Sede de movimento lésbico não tem identificação externa; nas ruas da capital, namoradas fingem que são apenas amigas
Projeto de lei que institui pena de morte para crime de homossexualismo agravado está em debate no Congresso do país da África central
Às sextas-feiras à tarde, numa casa com portão de ferro, pesado cadeado e muros altos na periferia de Campala, a pequena comunidade lésbica da capital de Uganda se reúne. Lá é a sede da Farug (sigla em inglês para Liberdade de Caminhar em Uganda), uma ONG de direitos de “kuchus”, a gíria local para homossexuais.
As mulheres vão ali para conversar, namorar, tomar cerveja, assistir a filmes gays e usar a internet sem medo de estarem sendo espionadas pelo governo numa lan house.
Para evitar qualquer tipo de retaliação, não há nenhuma identificação na porta. Para disfarçar, uma das diretoras da entidade mora num quarto no imóvel, proporcionando um álibi para o caso de alguma autoridade aparecer: ali, seria apenas uma residência.
“Quando vem alguém olhar o medidor de água ou luz, nós fechamos as cortinas da área interna”, diz Warry Ssenfuka, 27, diretora-financeira da ONG. Assim, as pequenas bandeiras com as cores do arco-íris, símbolo internacional do movimento gay, não são percebidas na sala.
A vida para os homossexuais em Uganda, país da África central cujo Parlamento debate atualmente um projeto de lei que institui a pena de morte para casos de “homossexualismo agravado”, é de cautela.

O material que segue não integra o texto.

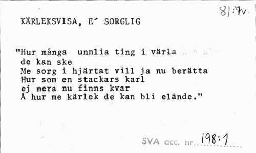 //// KÄRLEKSVISA, E" SORGLIG //// "Hur många unnlia ting i värla de kan ske //// Me sorg i hjärtat vill ja nu berätta Hur som en stackars karl ej mera nu finns kvar Å hur me kärlek de kan bli elände." //// SVA acc. nr.W'1 ////

A legislação atualmente proíbe apenas o ato homossexual, mas o sentimento homofóbico é grande na população. “Sou verbalmente agredida toda semana”, diz Stosh Mugisha, 33, que se diz lésbica desde os 16 anos.
Disfarce difícil
As mulheres homossexuais dizem que para elas é mais difícil esconder a condição do que para os homens. Estão sempre de calças largas, óculos escuros e usam dreadlocks no cabelo.
Para os homens, ironicamente, é a mesma cultura tradicional de Uganda, agora invocada para a ofensiva governamental contra o homossexualismo, que oferece uma válvula de escape. Como em grande parte da África, no país é comum homens heterossexuais andarem pelas ruas de mãos dadas. Assim, dois homens gays que namoram podem passear pela cidade de mãos dadas sem despertar suspeitas.
Mas a regra geral é ser discreto. “Eu e minha namorada saímos juntas para um bar ou restaurante como amigas”, afirma Ssenfuka, fazendo um gesto que indica aspas na palavra amigas. “Se eu arriscar dar um beijo em público, eu posso facilmente ser agredida”, diz ela.
Fundada em 2003, a Farug tem hoje cerca de 60 integrantes, todas lésbicas. Sua conta no banco está no nome de um clube esportivo fictício, para não levantar suspeitas. Grande parte do financiamento vem de ONGs de direitos dos gays em países como Estados Unidos, Quênia e Austrália. Mas as diretoras pedem que os doadores não se identifiquem.
Mesmo com tamanha discrição, um dia a polícia apareceu no local, num ato ostensivo de intimidação. Um policial saiu do carro, mostrou armas e saiu cantando pneus.
“A polícia não nos ajuda. Quando eu sofro violência, vou à delegacia, mas eles ignoram. Afirmam que eu provavelmente me machuquei porque estava bêbada”, diz à Folha Diana Bakuraira, 29.